Does anyone have any good suggestions for Books/YouTube Videos to learn technical analysis?
This won’t teach you everything you need to know, but it’s a good start:
I mean, you could always just go through the Chartered Market Technician (CMT) program.
Word?
Get a cat and let the cat make your buy/sell decisions. Your result will be just as good, and you can get free cuddles.
If I was using technical analysis to be a “trader” I would have to agree.
However, I would like to use it as a supplemental tool to know when it is and isn’t a good time to initiate a position in a stock that I believe in the fundamentals as a long term holding.
Not that I don’t see your rationale, I just wonder if there’s any significant benefit in trying to nickel and dime using TA in something you’re interested in over a longer investment horizon.
My anecdotal experience with TA has left me subscribing more to the philosophy that markets with significant trading activity are at least weak-form efficient. With that said, I haven’t really read much of the published literature on TA and any new current developments or innovative techniques.

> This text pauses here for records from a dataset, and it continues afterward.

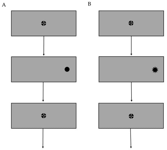 After the calibration and validation, a fixation cross appeared at the center of the screen (3 s), after which the saccadic eye movement stimulus appeared in one of four positions (up, down, left, or right) relative to the central fixation object. Saccadic eye movement stimuli were either a circle or a star (depending on the task) 0.7 degrees in size. The distance from the center of the fixation cross to the center of the saccadic eye movement target was 11.3 degrees in the vertical positions and 14.0 degrees in the horizontal positions.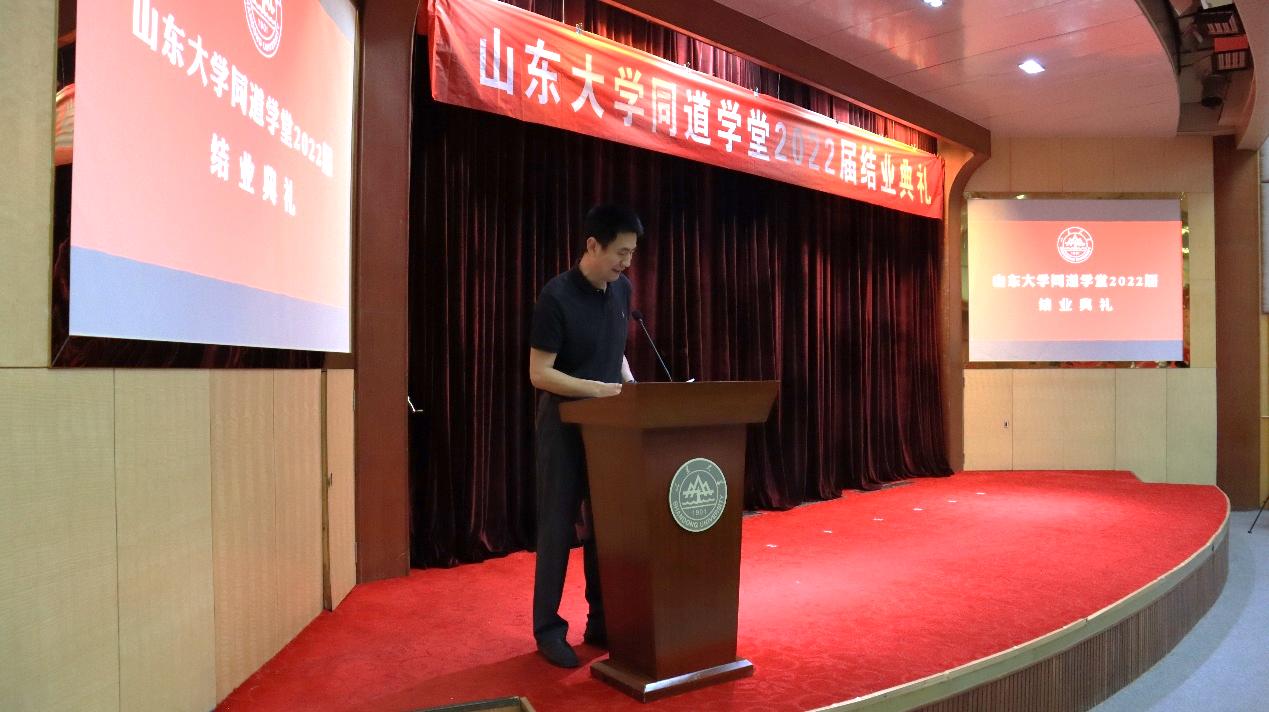 同心筑基重情义,道合圆梦尚风骨。近日,同道学堂2022届结业典礼在中心校区邵馆报告厅举行。校党委副书记王君松,校长助理、本科生院院长、本科招生办公室主任曹现强,党委学生工作部副部长朱伟,本科招生办公室副主任徐延宝,文学院党委书记张帅、院长杜泽逊,党委副书记王萌,任课教师代表伏煦、张知强,班主任朱林、辅导员张远出席典礼。典礼由文学院副院长马兵主持。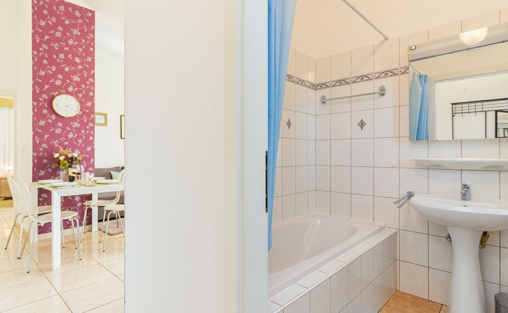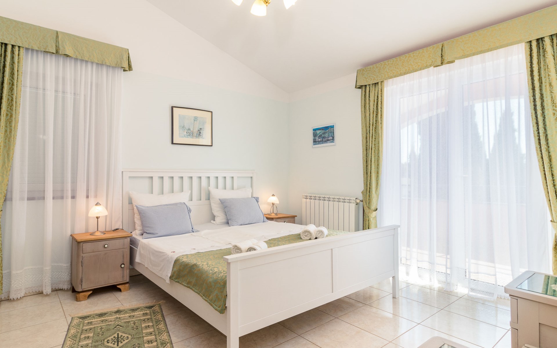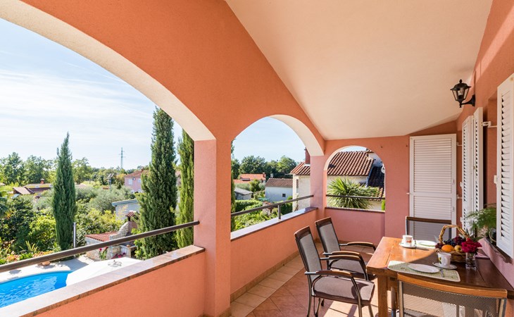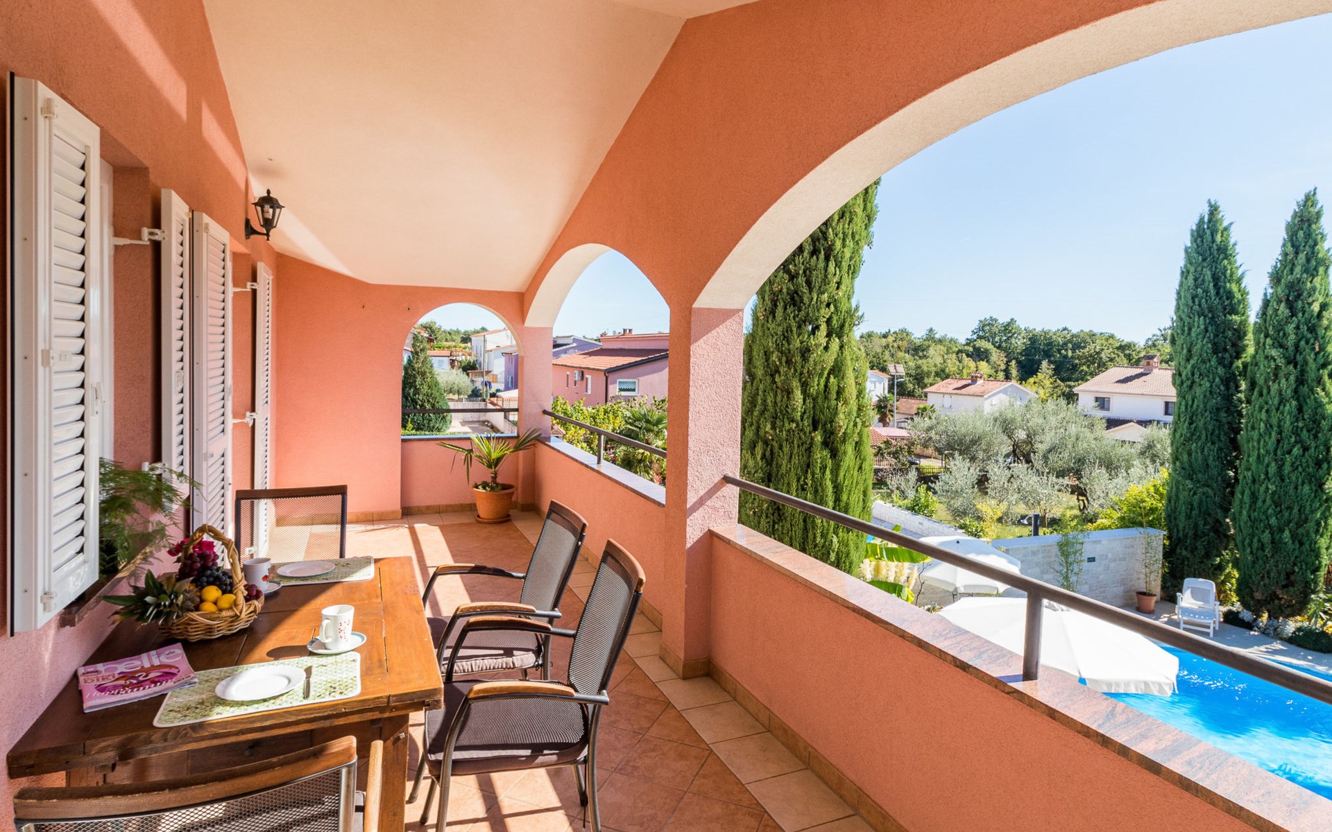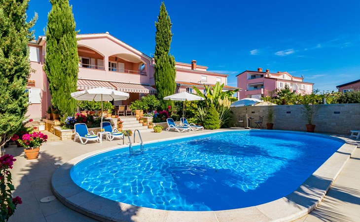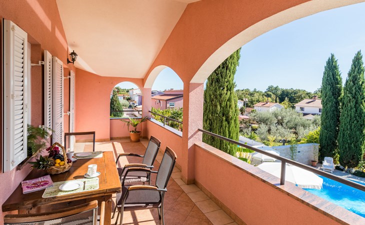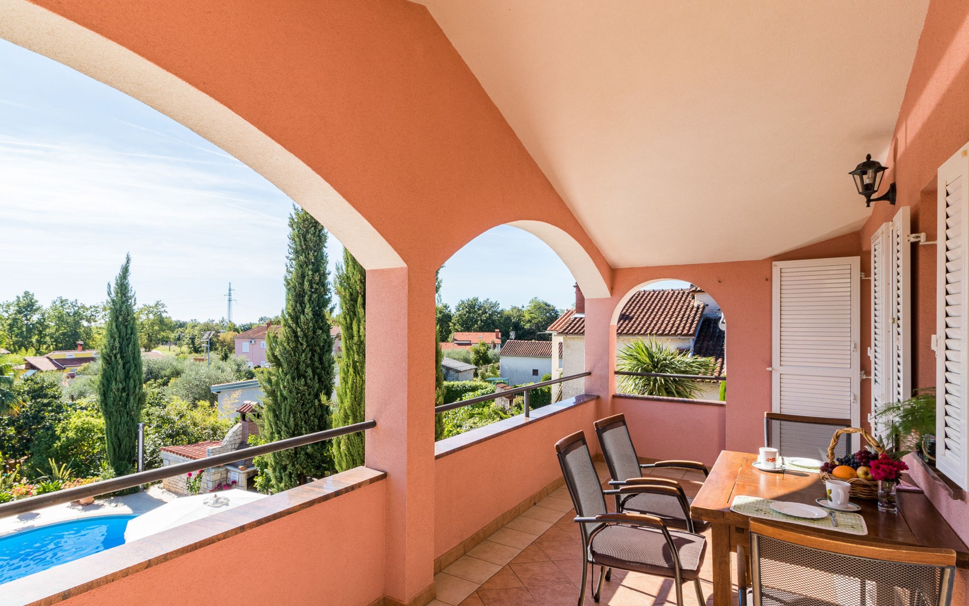 Dreifamilienhaus "Viktorija". 400 m vom Zentrum von Nova Vas, 5 km vom Zentrum von Poreč, 5 km vom Meer. Zur Mitbenutzung: Grundstück 1'200 m2 (eingezäunt) mit Pflanzen und Bäumen, Schwimmbad (11 x 5 m, 150 cm tief, saisonale Verfügbarkeit: 01.Mai. - 01.Okt.). Ungleichmässige Schwimmbadform, Aussendusche, Gartenmöbel, Grill. Im Hause: Internetzugang, Waschmaschine (extra) (zur Mitbenutzung). Parkplatz auf dem Grundstück. Einkaufsgeschäft 400 m, Supermarkt 5 km, Bushaltestelle 8 km, Bahnstation 32 km, Felsstrand 5 km. Jacht-Hafen 5 km. Bitte beachten: Der Besitzer wohnt im selben Haus.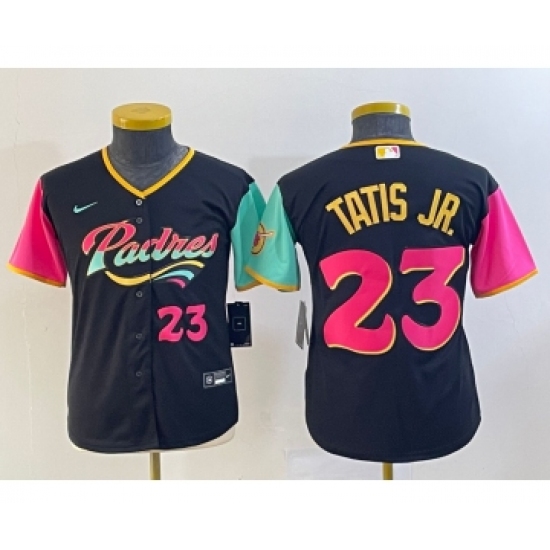 >Youth San Diego Padres #23 Fernando Tatis Jr Black Number 2022 City Connect Cool Base Stitched Jersey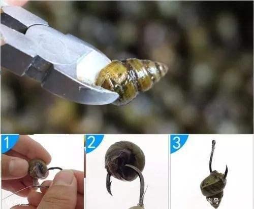 青鱼也被称为螺丝青,原因就是它在自然水域当中,是以田螺为主要的觅食对象。使用田螺垂钓青鱼时,要将鱼钩挂在田螺的壳口背面上,先用利器打孔而后在挂入钩门弯部,不可用鱼钩直接刺破田螺,这样会损伤鱼钩锋利。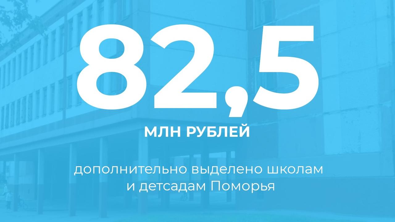 Более 82,5 млн рублей дополнительно выделено школам и детсадам Поморья
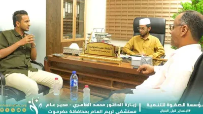 مدير مستشفى تريم العام يزور مؤسسة الصفوة للتنمية بالعاصمة عدن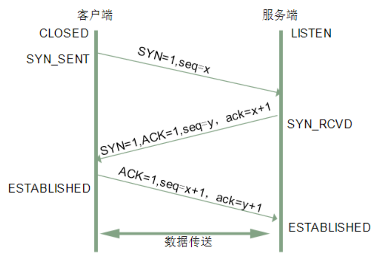 这样 服务端 就能得出结论:客户端的接收、发送能力正常,服务器自己的发送、接收能力也正常。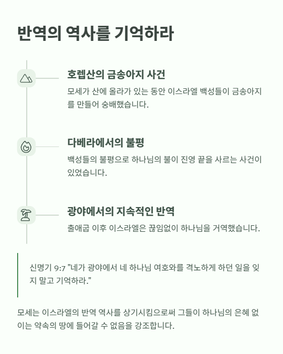 - 모세는 호렙산에서의 금송아지 사건을 포함하여, 이스라엘이 반복적으로 하나님을 거역한 사건들을 상기시킨다.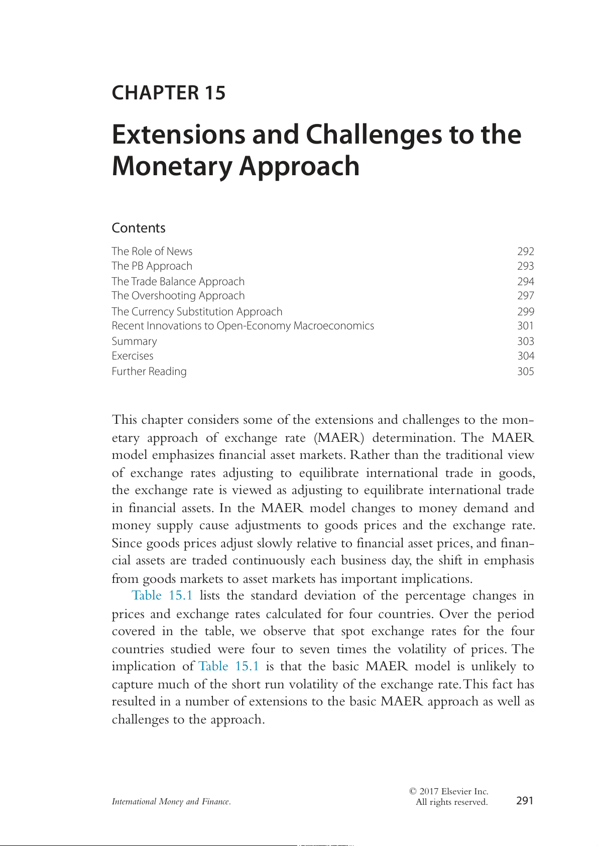 Extensions and Challenges to the Monetary Approach Contents The Role of News 292 The PB Approach 293 The Trade Balance Approach 294 The Overshooting Approach 297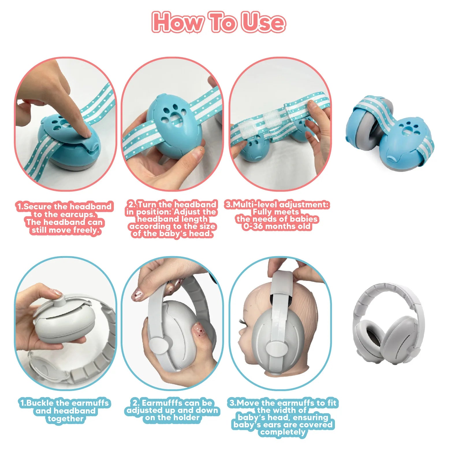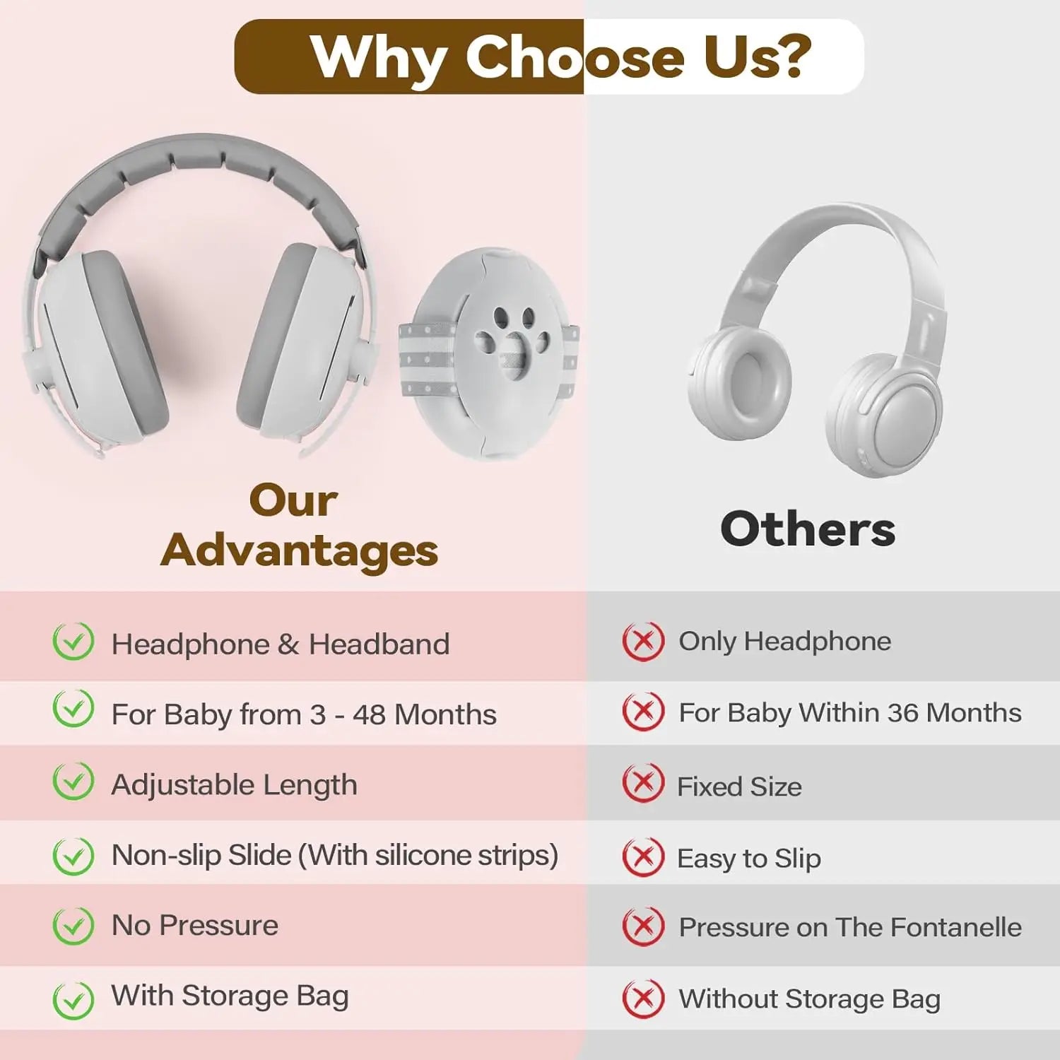 2-in-1 Baby Ear Muffs for Hearing Protection Noise Cancelling Earmuffs for Babies 2 Headbands Travel Essentials for Airplane

Pring and Murphy are the Bibles of TA - look them up
Also a good read,
Japanese Candlestick Charting
I love free cuddles. Especially with dimes.
On the the long term/ investment time frame, TA is useless (I think even as a timing mechanism) … TA, even at it’s best is not very accurate. It is best applied by participants who make many trading decisions and can realize the edge which resolves over a large sample of trades. Even then, I can tell you these participants have worked very hard to develop specifics in how they apply basic TA principles. If effective use of TA could be obtained in few you tube videos… everyone would be market ballers
If you are still interested … I recommend
“The Art and Science of Technical Analysis” Adam Grimes (also has a great blog and website)
In addition, look into “auction market theory” which takes TA a step beyond patterns, drawing lines on a chart and calculating moving averages.
I’m one of the 1600 CMTs out there and I’ll be the first one to tell you that there are good things about TA and very, very “bad apples” which spoiled the rest.
There are two types of technicians – the Elliott Wavers/Astrologists/Draw Lines On Charts guys and the ones who enjoy learning about markets but want to add some statistical rigor to their own methods (these guys are generally quant-ish). Bear in mind most technical analysis methods were invented between 1940 and 1960. If you’re looking to add value to your own skillset, I would suggest picking up one of the less entertaining books such as The Encyclopedia of Chart Patterns by Thomas Bulkowski or Trading Systems & Methods by Perry Kaufman. The first is a lighter read but the author (an engineer) puts some statistical rigor into what the folks were doing back in the 1940s and 50s and sorts out the good from the bad.
The second one…it’s about as dry as a CFA reading and 1300 pages, but you’ll leave understanding spectral analysis, genetic algorithms, systems development/testing, and knowledge of almost every event-driven and trend-following system out there (both long and short term oriented).